▶ [About this exercise]
Restate word for word the entries below, starting at the line with "赤パン。目に飛び込んでくるの" and ending at the line with "Princess Cut Moissanite". Keep both end lines and omit the pictures.

- - -

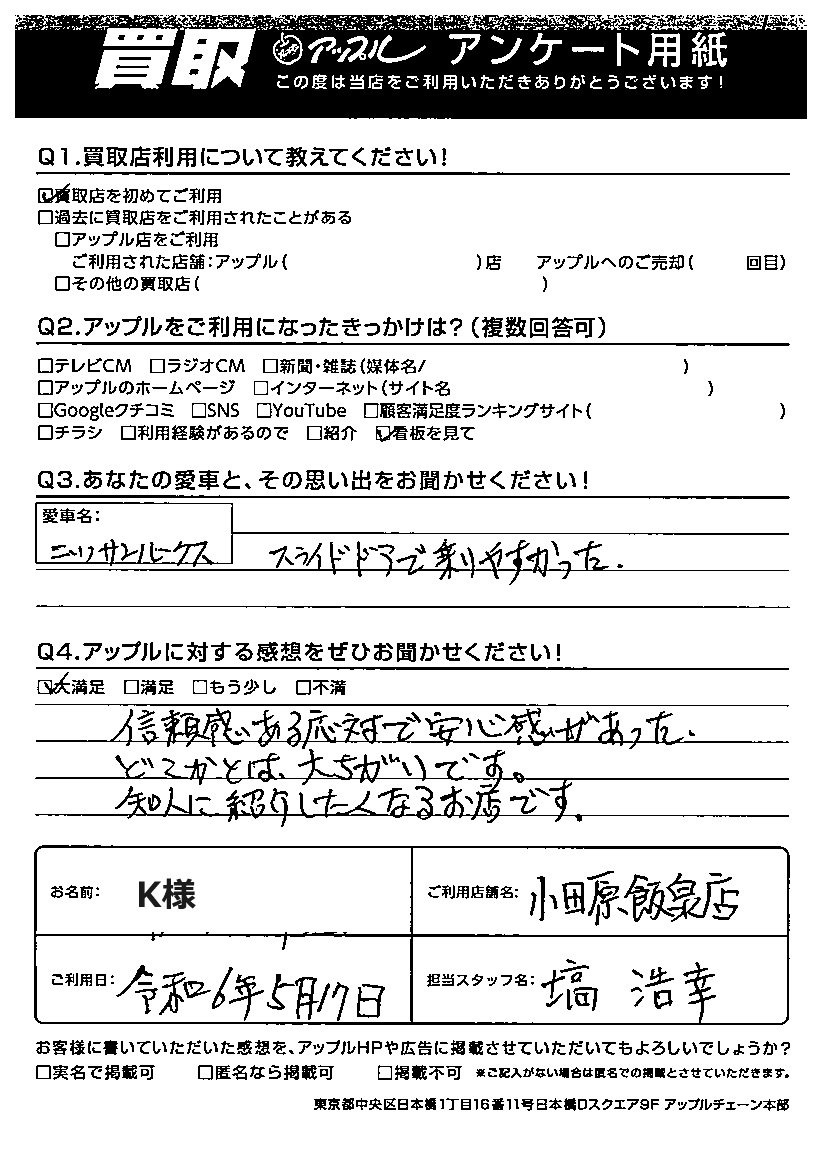 ご利用日:令和6年5月17日 担当:塙 浩幸
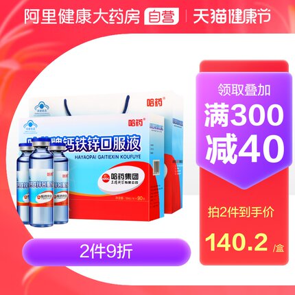 【阿里大药房,蓝瓶的好喝的:10mlx90支 哈药 钙铁锌口服液 148元包邮(原价280元)】
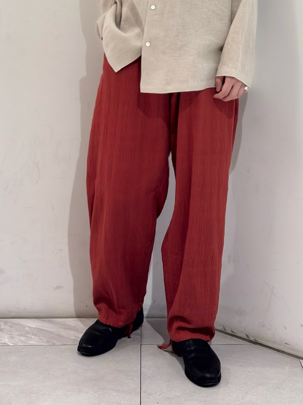 赤パン。目に飛び込んでくるのは鮮やかな色彩の赤。ただ、このパンツはそれだけじゃないんです。NICENESSらしさがしっかりと詰まった一本なんです。
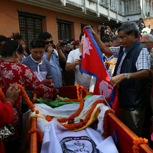 सूचना तथा सञ्चारमन्त्री सुरेन्द्रकुमार कार्की आइतबार प्रज्ञा प्रतिठानमा गायक स्व खेमराज गुरुङको पार्थिक शरीरमा राष्ट्रिय झण्डा ओडाएर श्रद्धान्जलि व्यक्त गर्दै । तस्बिर : रोशन सापकोटा, रासस \"sradanjali\"
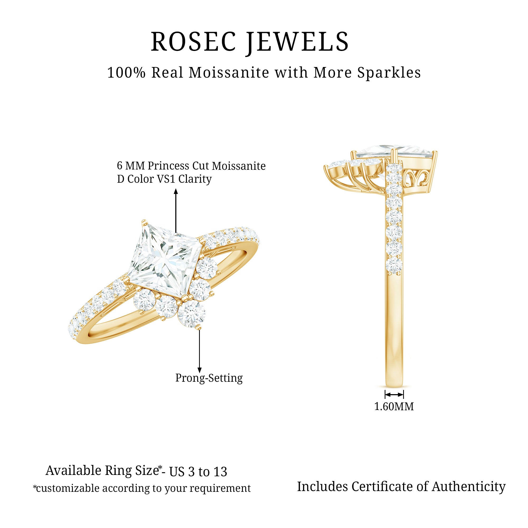 Princess Cut Moissanite Designer Engagement Ring for Women
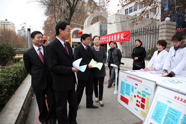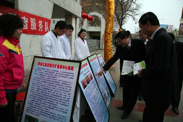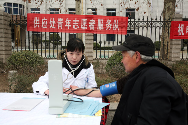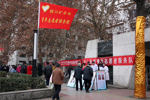 團旗、青年志愿者旗,隨風(fēng)飄揚,局大門電子屏上滾動播放著“雷鋒天天在身邊,團旗飄揚在礦山”、“服務(wù)社會學(xué)雷鋒,立足崗位樹新風(fēng)”等宣傳標(biāo)語,鮮艷奪目,鼓舞人心。在局大門兩側(cè)廣場上,青年志愿者設(shè)立了10余個服務(wù)點,青年志愿者們結(jié)合自己的崗位特點和專業(yè)特長,為全局職工家屬和廣大市民提供了煤礦安全知識宣傳、塵肺病防治知識宣傳、節(jié)能減排、飲食健康、安全技能培訓(xùn)、家電維修、焊補鍋盆、測量血壓、甲流預(yù)防、醫(yī)保咨詢等10余種特色服務(wù)項目,發(fā)放了企業(yè)文化理念、安全知識、衛(wèi)生保健的傳單3000余份。學(xué)雷鋒青年志愿者活動的開展,得到了各級領(lǐng)導(dǎo)的重視和支持。活動期間,局黨委書記杜樹山,局黨委副書記、紀(jì)委書記張志文,礦區(qū)工會主席張仿文和局黨群各部門負(fù)責(zé)人以及團市委領(lǐng)導(dǎo)在局團委副書記孔艷的陪同下,親臨活動現(xiàn)場進行了指導(dǎo)和慰問,并給予了較高評價,認(rèn)為今年的學(xué)雷鋒活動做到了內(nèi)容新、形式活、氣氛濃,達到了倡樹新風(fēng)、服務(wù)大眾的目的。

- - -

▶ [Answer to this task]
 赤パン。目に飛び込んでくるのは鮮やかな色彩の赤。ただ、このパンツはそれだけじゃないんです。NICENESSらしさがしっかりと詰まった一本なんです。
 सूचना तथा सञ्चारमन्त्री सुरेन्द्रकुमार कार्की आइतबार प्रज्ञा प्रतिठानमा गायक स्व खेमराज गुरुङको पार्थिक शरीरमा राष्ट्रिय झण्डा ओडाएर श्रद्धान्जलि व्यक्त गर्दै । तस्बिर : रोशन सापकोटा, रासस \"sradanjali\"
 Princess Cut Moissanite Designer Engagement Ring for Women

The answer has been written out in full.